__Work request__. Each word in the data below should be copied exactly; the images should not.

__Dataset extract__.
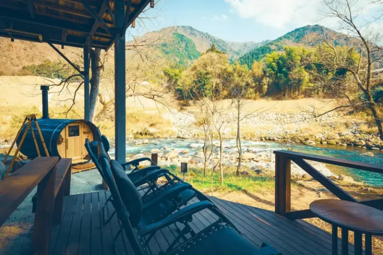 Nestled on the banks of the Yoshida River in Gujo is this tranquil one-bedroom villa that puts you right in the heart of the leaf-peeping scene in Japan. As autumn approaches, the forests surrounding the vacation rental burst into a symphony of fiery colours — a striking contrast against the clear blue waters of the river below.
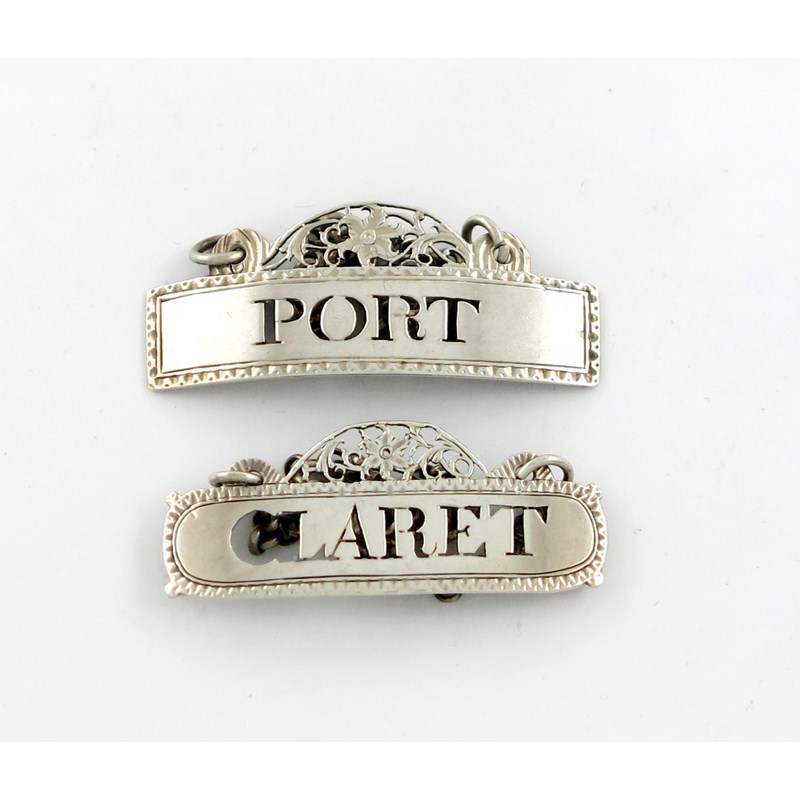 rectangular form, pierced arched pediment, bright cut border, pierced 'PORT', plus a similar label, pierced 'CLARET', some damage, approx. weight 0.5oz. (2)
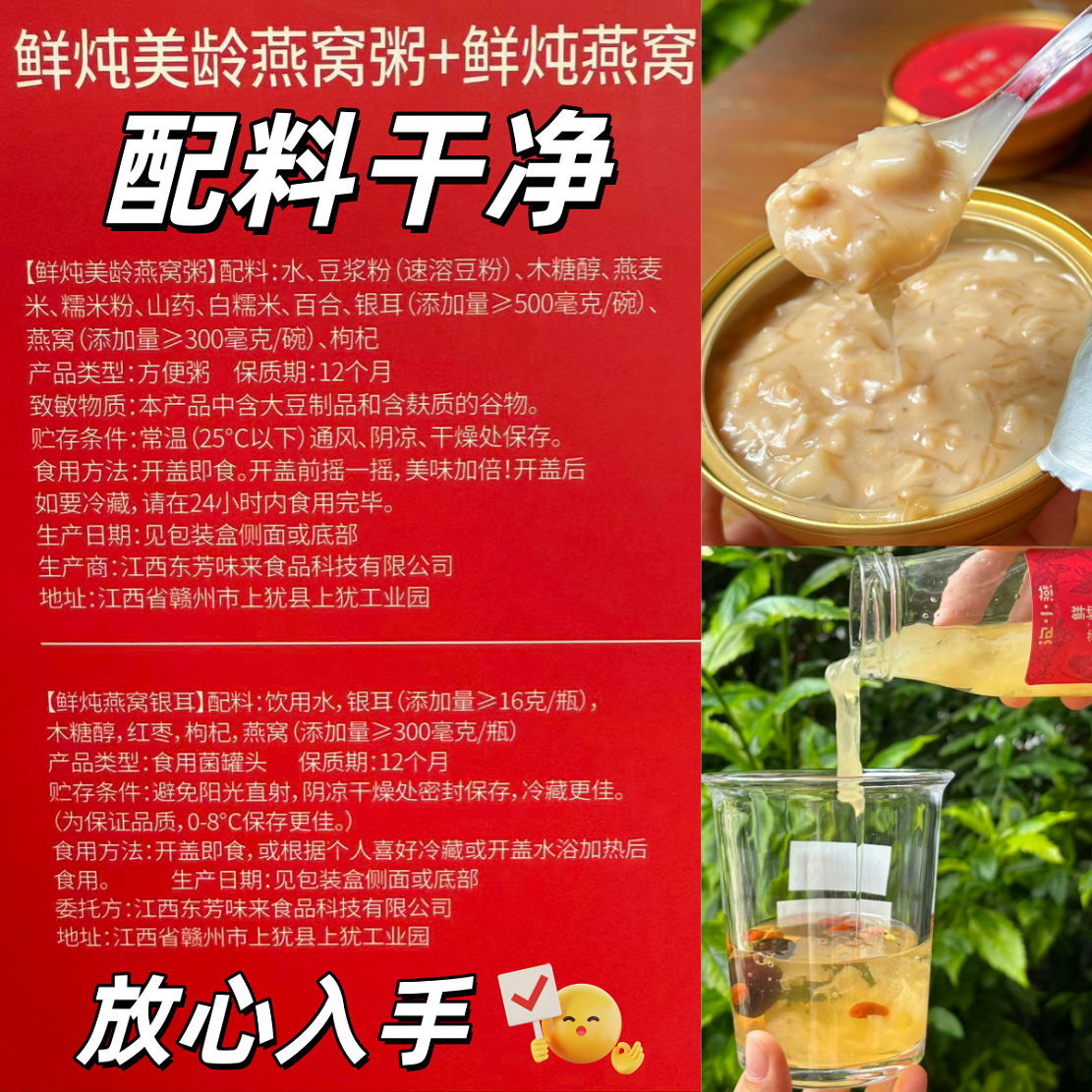 【规格】鲜炖美龄燕窝粥2碗+鲜炖燕窝银耳4瓶
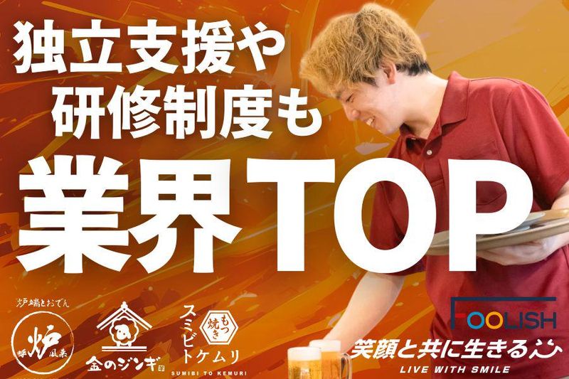 求めている人材 【応募資格】 *20歳以上の方(受動喫煙防止のため) *日本語での接客・コミュニケーションがスムーズにできる方 ※以下の条件を満たす方※ ・日本語能力検定N1レベル、または同等の会話力をお持ちの方 ・就労制限のない在留資格をお持ちの方 (永住者/日本人の配偶者等/永住者の配偶者等/定住者/特別永住者) ⭐人柄・情熱採用⭐ 学歴不問・未経験大募集! 飲食経験がある方は優遇! 即戦力として活躍したい方も必見! 《 ✨こんな方にピッタリ✨ 》 ✋とにかく稼ぎたい人! ✋仲間と青春したい人! ✋バイトの楽しさを社会人でも味わいたい! ✋勢いで人生変えたい人! ✋ベンチャーっぽいノリ、好きな人! 「やってみたい!」って言える あなたなら大歓迎♪ ===求人をご覧の皆さまへ! ✨最終面接担当よりメッセージ✨=== 「笑顔と共に生きる」 ──その想いを、これからの仲間と共に。 私たちFOOLISHは、2017年にスタートしてから、 都内中心に「呼炉凪来(ころなぎらい)」や 「スミビトケムリ」など、 流行りのトレンド居酒屋をどんどん出店してます✨ いまや全国で50店舗以上!でもまだまだ満足してません✋ “もっとたくさんの笑顔を届けたい!” ってことで、目指せ100店舗&その先へ! …というわけで、仲間を絶賛募集中⏩ お客様はもちろんのこと、 取引先様、スタッフなど、 私たちに関わるすべての人々に “たくさんの笑顔”を届けるべく、 現状に満足することなく、 さらなる成長・発展を目指しています。 ■人柄・情熱採用! 面接で聞きたいのは、 「なぜFOOLISHで働きたいのか」 「どんな未来を描いているのか」 あなたの“本気の想い”です。 研修制度やサポート体制も整っているので、 中途でもスムーズにキャッチアップ可能。 ✅スキルを最大限に活かせるポジションを用意 ✅マネジメント・ブランド開発への挑戦も歓迎 ✅独立支援制度あり(実績あり) ■ FOOLISHの考える仕事とは。 私たちにとって飲食とは、 お客さんに「幸せな時間だったな〜」って思ってもらえる場所。 その裏で、スタッフが笑って、支え合って、楽しんでる。 これぞ、FOOLISHの真骨頂。 お客さんの笑顔はもちろん、 FOOLISHのメンバー全員が “人生楽しんだもん勝ち”って思ってます✋ ■ 未来のFOOLISHを、あなたとともに。 FOOLISHは、 お客様・スタッフ・関係者みんなに 「たくさんの笑顔」を届けるべく ”100店舗出店”を本気で目指してます。 ただの“飲食業”じゃなく、 人生のドラマが生まれる“舞台”をつくるお仕事。 あなたの夢、想い、チャレンジ。 全部歓迎します。 FOOLISHは、まだまだ進化の途中。 だからこそ、経験豊富なあなたの力が必要です。 飲食の枠を超えて、 人生のドラマが生まれる“舞台”を 一緒に作っていける仲間を募集します。 理念に共感し、本気で未来を変えたい人。 次の主役は、あなたです✨ 年齢の条件と理由:あり(例外事由2号・20歳以上 (受動喫煙防止のため))

__Exercise response__.
 Nestled on the banks of the Yoshida River in Gujo is this tranquil one-bedroom villa that puts you right in the heart of the leaf-peeping scene in Japan. As autumn approaches, the forests surrounding the vacation rental burst into a symphony of fiery colours — a striking contrast against the clear blue waters of the river below.
 rectangular form, pierced arched pediment, bright cut border, pierced 'PORT', plus a similar label, pierced 'CLARET', some damage, approx. weight 0.5oz. (2)
 【规格】鲜炖美龄燕窝粥2碗+鲜炖燕窝银耳4瓶
 求めている人材 【応募資格】 *20歳以上の方(受動喫煙防止のため) *日本語での接客・コミュニケーションがスムーズにできる方 ※以下の条件を満たす方※ ・日本語能力検定N1レベル、または同等の会話力をお持ちの方 ・就労制限のない在留資格をお持ちの方 (永住者/日本人の配偶者等/永住者の配偶者等/定住者/特別永住者) ⭐人柄・情熱採用⭐ 学歴不問・未経験大募集! 飲食経験がある方は優遇! 即戦力として活躍したい方も必見! 《 ✨こんな方にピッタリ✨ 》 ✋とにかく稼ぎたい人! ✋仲間と青春したい人! ✋バイトの楽しさを社会人でも味わいたい! ✋勢いで人生変えたい人! ✋ベンチャーっぽいノリ、好きな人! 「やってみたい!」って言える あなたなら大歓迎♪ ===求人をご覧の皆さまへ! ✨最終面接担当よりメッセージ✨=== 「笑顔と共に生きる」 ──その想いを、これからの仲間と共に。 私たちFOOLISHは、2017年にスタートしてから、 都内中心に「呼炉凪来(ころなぎらい)」や 「スミビトケムリ」など、 流行りのトレンド居酒屋をどんどん出店してます✨ いまや全国で50店舗以上!でもまだまだ満足してません✋ “もっとたくさんの笑顔を届けたい!” ってことで、目指せ100店舗&その先へ! …というわけで、仲間を絶賛募集中⏩ お客様はもちろんのこと、 取引先様、スタッフなど、 私たちに関わるすべての人々に “たくさんの笑顔”を届けるべく、 現状に満足することなく、 さらなる成長・発展を目指しています。 ■人柄・情熱採用! 面接で聞きたいのは、 「なぜFOOLISHで働きたいのか」 「どんな未来を描いているのか」 あなたの“本気の想い”です。 研修制度やサポート体制も整っているので、 中途でもスムーズにキャッチアップ可能。 ✅スキルを最大限に活かせるポジションを用意 ✅マネジメント・ブランド開発への挑戦も歓迎 ✅独立支援制度あり(実績あり) ■ FOOLISHの考える仕事とは。 私たちにとって飲食とは、 お客さんに「幸せな時間だったな〜」って思ってもらえる場所。 その裏で、スタッフが笑って、支え合って、楽しんでる。 これぞ、FOOLISHの真骨頂。 お客さんの笑顔はもちろん、 FOOLISHのメンバー全員が “人生楽しんだもん勝ち”って思ってます✋ ■ 未来のFOOLISHを、あなたとともに。 FOOLISHは、 お客様・スタッフ・関係者みんなに 「たくさんの笑顔」を届けるべく ”100店舗出店”を本気で目指してます。 ただの“飲食業”じゃなく、 人生のドラマが生まれる“舞台”をつくるお仕事。 あなたの夢、想い、チャレンジ。 全部歓迎します。 FOOLISHは、まだまだ進化の途中。 だからこそ、経験豊富なあなたの力が必要です。 飲食の枠を超えて、 人生のドラマが生まれる“舞台”を 一緒に作っていける仲間を募集します。 理念に共感し、本気で未来を変えたい人。 次の主役は、あなたです✨ 年齢の条件と理由:あり(例外事由2号・20歳以上 (受動喫煙防止のため))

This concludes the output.